We repaired to the garden to blow the froth off a couple while the MBA did its thing preparing the flash drive installer.

“The other thing you have to do with the GTX 660 is to be sure to download and install Nvidia’s 10.8.2 drivers. These will come native in 10.8.3 as Apple uses the same GTX 660 in its latest iMac’s (needless to say, these remain unobtainable thanks to another Cook cock-up) and then run TonyMac’s Mountain Lion Multibeast, setting GraphicsEnabler=No in the system options. Forget that and the Hack will not boot. That changes the chameleon.boot.plist file so that it works. After we have HP100 running on the HD3000, we will make those changes, insert the Zotac GTX 660 and off we go.”

I let him ramble on happily, making for another couple of beers. ‘A man has to know his limitations’, as that jerk once put it.

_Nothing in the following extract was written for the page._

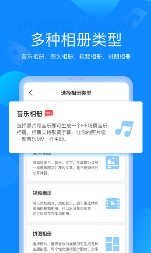 照片相册是一款可以让多张照片一键生成为视频的软件,根据小伙伴的自身喜好可以来添加背景音乐,内置不同模板,让你的照片更加绚丽多彩,更容易抓住人的眼球。这款软件操作简单,对于年纪大的也是非常友好,只要三步一键生成。
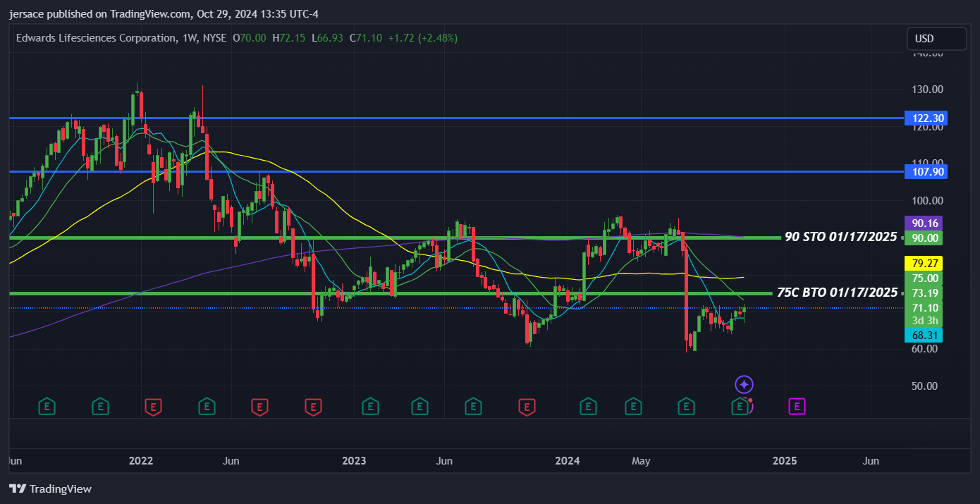 EW is a leader in artificial heart valves and “hemodynamic monitoring”, presents an intriguing opportunity for a reversal strategy into January. The company's strong position in the growing TAVR market, recent positive trial data, and analyst upgrades support a potentially optimistic outlook. With upcoming earnings on January 30, 2025, and the stock currently trading below the average analyst target of $74.59, EW could see upward momentum. The chart itself doesn’t exactly have the sexiest appeal to traders although, it does seem to have found a base making higher highs and holding lows after a significant drop-off a couple months back. Traders will seek to reclaim the 20wk-MA and remain below the price of 90 for optimal returns on this strategy.

Once the installer was ready, some 20 minutes plus the time to re-download a fresh version of Mountain Lion, it was plugged into an available USB socket on the HP100, booted from and the installation process in the above Unibeast link followed. FU then installed the new nVidia drivers, or ‘kexts’ as Apple calls them, did the GraphicsEnabler=No step using TonyMac’s Multibeast app, restarted and, hey presto! We have the Kepler GPU running.

Here are the theoretical comparison from Hardware Compare:

Thanks to reader PB for the source.

Non-trivial performance increases. Note especially the last metric addressing performance in high resolution applications – meaning with bigger, more pixel-laden displays. This is a key reason Apple has used the GTX 660 in it’s high definition Retina Display MacBook Pro laptops, albeit using the lighter-duty GTX 660M mobile variant. (Can you say ‘overheating’?) In addition to sporting two DVI connectors, the GTX 6600 also has HDMI and DisplayPort outlets so that the USB connector HP100 has used for the third display can be removed and a DisplayPort cable substituted, allowing the enhanced performance to be delivered to all three displays. This remains to be tested.

As the GTX660 uses slightly less power than its predecessor, no changes were made to the stock 500 Watt Antec power supply used by HP100.

The Zotac GTX 660 in the HP100. Lots of room.

I’ll publish test data, including power consumption, in Part II, along with subjective operating impressions using Lightroom 4 and Photoshop CS5.